Hardware security is the deepest layer of cybersecurity. Software exploits get patched in days; hardware vulnerabilities require new chips and live in the field for a decade. Spectre will haunt CPUs designed for the next decade. Rowhammer will fight DRAM vendors for the next ten generations. The Mifare Classic crack is fifteen years old and transit systems are still migrating off it.
It is also profoundly fun. You get to use oscilloscopes, lasers, fume hoods, microscopes, soldering irons, SDRs, signal generators, and a homemade probe to crack open chips. It blends EE, CS, math, and craft. The community is small, generous, and unusually rigorous.

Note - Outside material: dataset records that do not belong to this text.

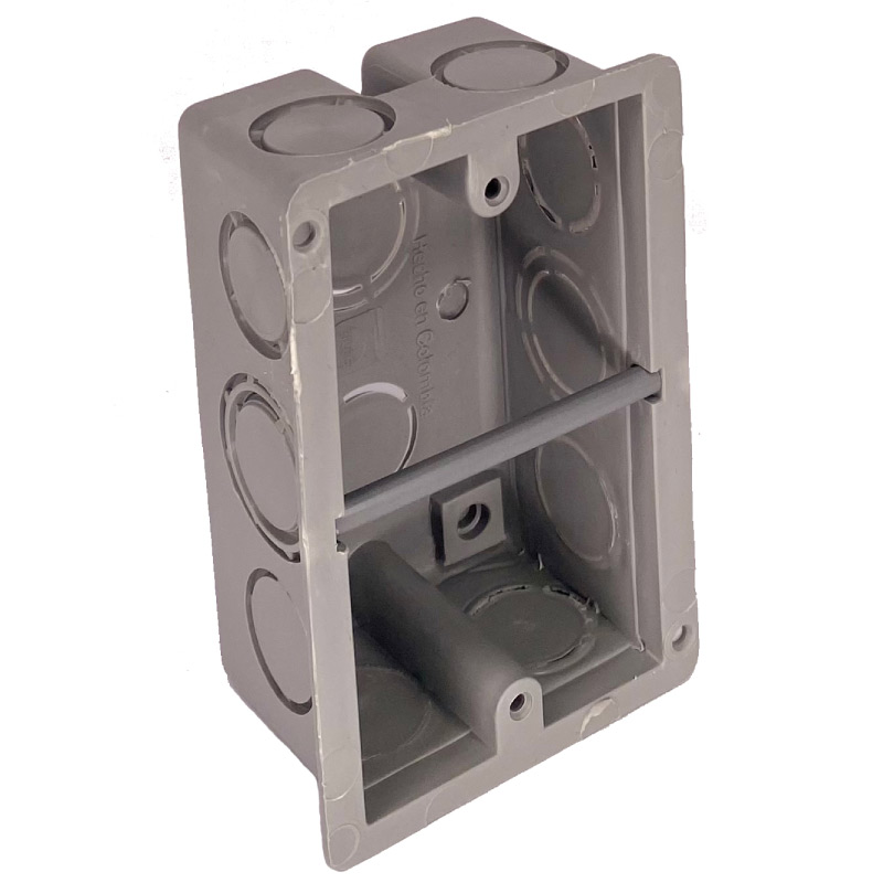 Caja rectangular 2X4 fabricada en polipropileno material libre de halogenos, bordes y fijación de tornillos reforzados. Entrada para tubería de 1/2" y 3/4", Knockput fáciles de retirar, tiene mayor capacidad interna. Cumple Retie. Para uso en instalaciones eléctricas en general. Referencia 144014 de Ciles.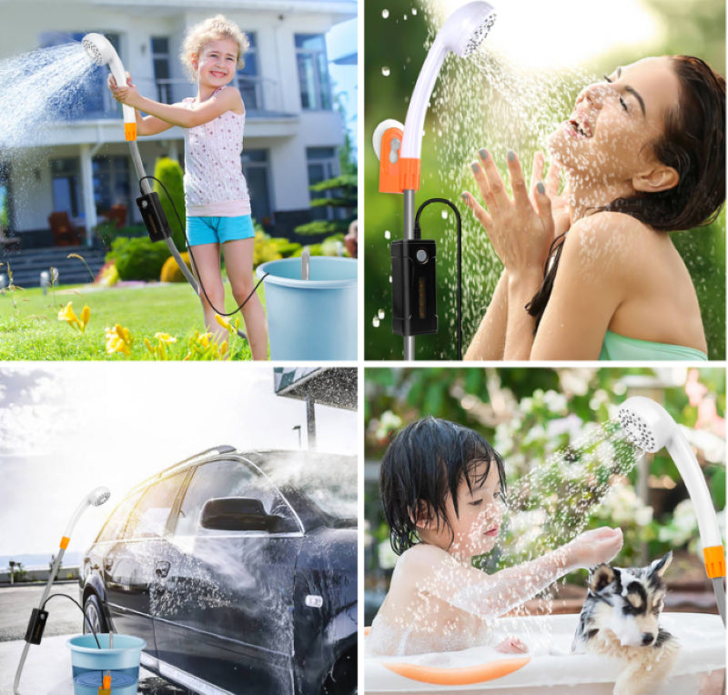 Our portable outdoor shower head features a 4400mAh USB rechargeable battery that can be charged with a USB Type-C connector (5V, 0.5-2A). The battery is separate from the pump, preventing water damage and extending its lifespan.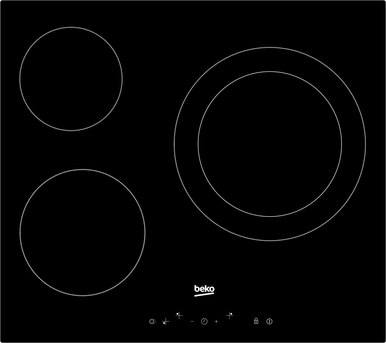 Beko HIC63402T Table de cuisson vitrocéramique Beko HIC63402T. Agrandissez votre espace de travail, bénéfiez d'une table moderne et performante, des commandes simples, profitez d'une grande modularité et économisez de l'énergie avec l'Eco Timer.60 cmUne dimension standard qui vous procure un bel esp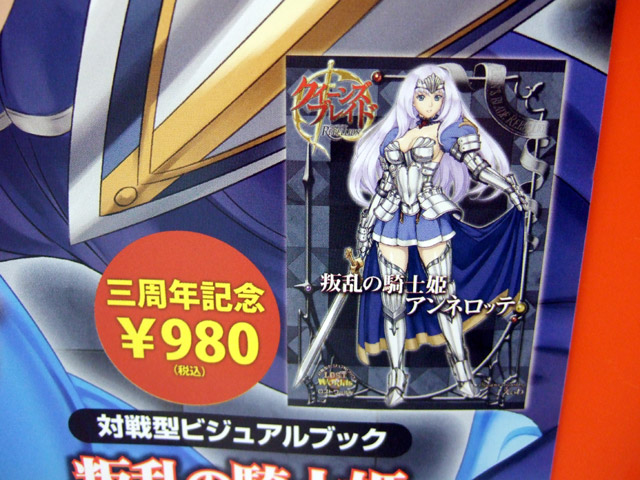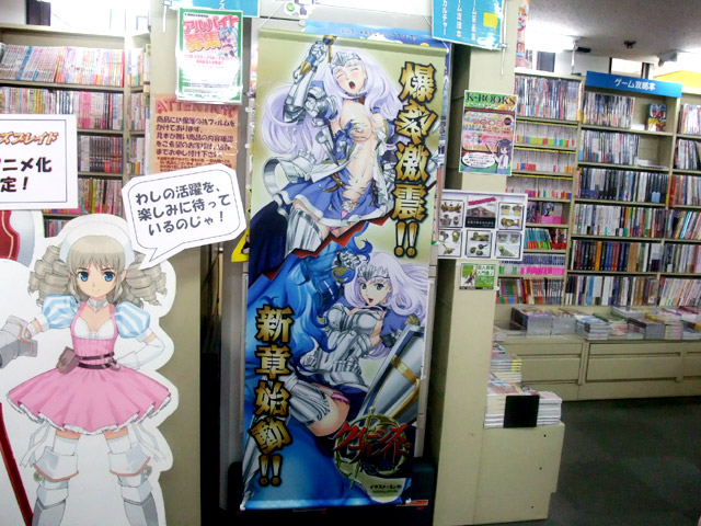 K-BOOKSでは、三周年記念価格で、税込980円で発売予定の、対戦型ビジュアルブック「クイーンズブレイド リベリオン 叛乱の騎士姫アンネロッテ」(AA)の巨大告知タペストリーの掲示がされていました。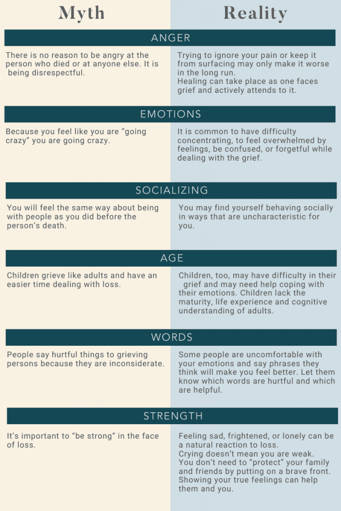 The truth is, there are many ways people can choose to handle their grief or address it. The following table describes typical myths that are associated with grieving, as well as the reality that may occur during grief.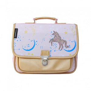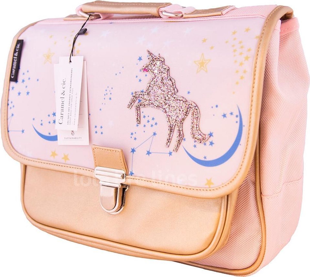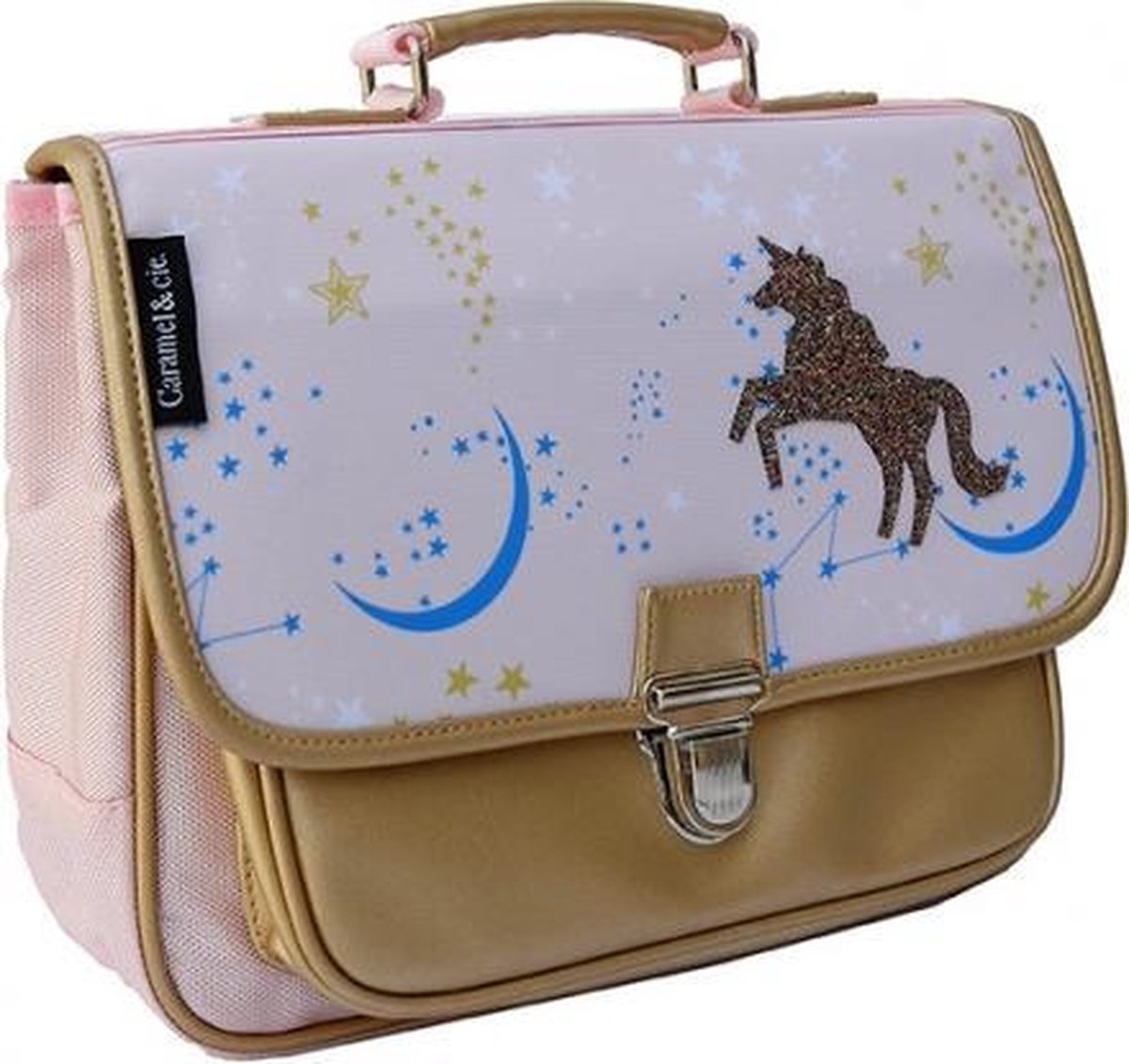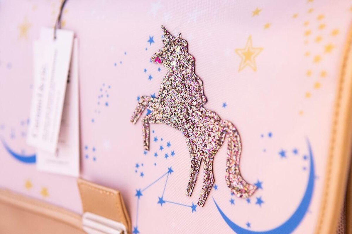 Deze kleuterboekentas werd ontworpen door Caramel & Cie, is bestemd voor stoere meisjes of jongens en werd versierd met een coole eenhoorn met glitter.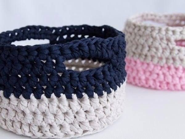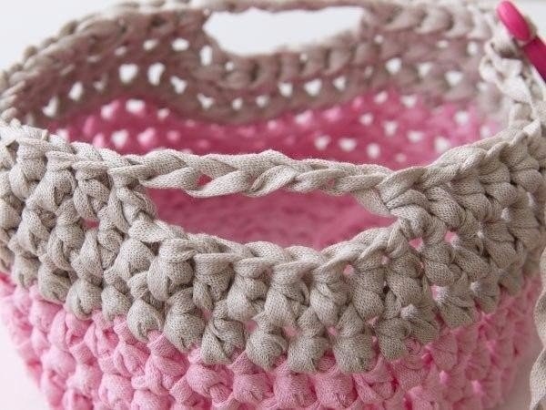 Вяжем корзинку из трикотажных полосок. Мастер-класс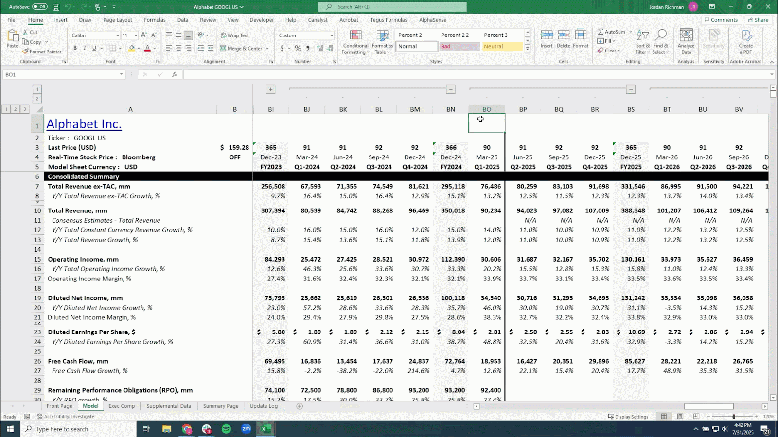 - Add your own CAGRs or notes in the first 20 columns after the last fiscal year column in the Model or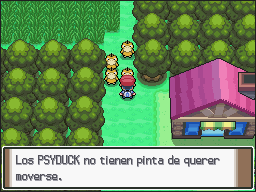 Si intentas seguir el camino hacia el norte, verás a un grupo de Psyduck bloqueando el camino hacia la otra Ruta. No queda otra que ir al este, hacia la Ruta 215, donde nos esperan más entrenadores.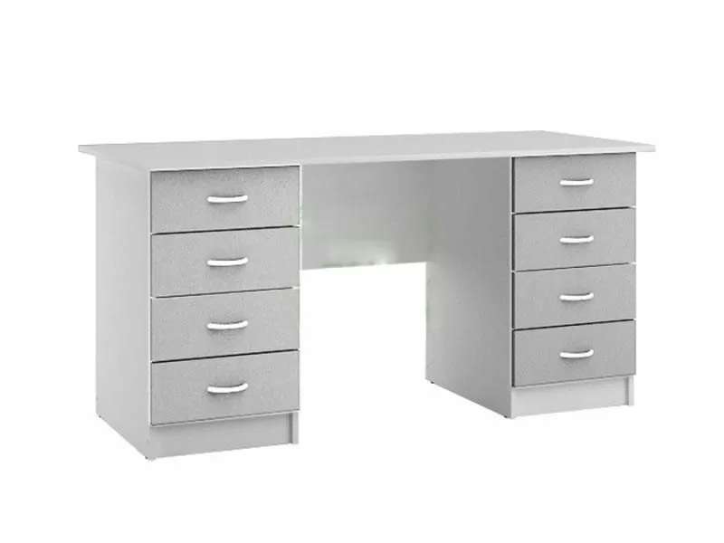 - Стол имеет две тумбы: обе тумбы представляют четыре отделения, образованных боковыми стенками и ящиками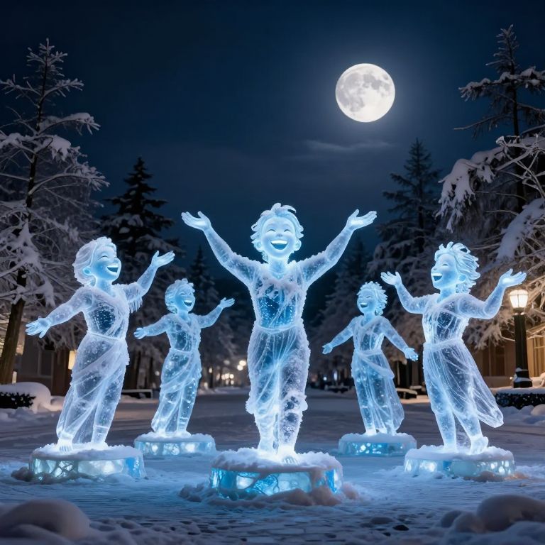 Moonlit plaza showcases five luminous sculptures of frozen laughter, each capturing the essence of joy with glowing visages and outstretched arms, set against a backdrop of snow-covered trees and a full moon.

If you have worked through every chapter of this curriculum, the foundation is in your hands. The transistor that switches in Chapter 1 is the gate that leaks in this chapter. The cross-correlation of Chapter 3 is the DPA statistic of section 1.4. The flip-flop of Chapter 4 is the glitch target of section 2.1. The SRAM cell of Chapter 11 is the PUF source of section 5.4. The Spectre exploit of section 1.11 lives in the cache hierarchy of Chapter 14. The Ghidra reverse of section 3.5 disassembles the bootloader of Chapter 21. The oscilloscope of Chapter 22 captures the trace of section 1.5. You spent twenty-three chapters earning the right to read this one. Now go break something, ethically, with permission, in pursuit of knowledge.
The chip is unwillingly broadcasting. Listen.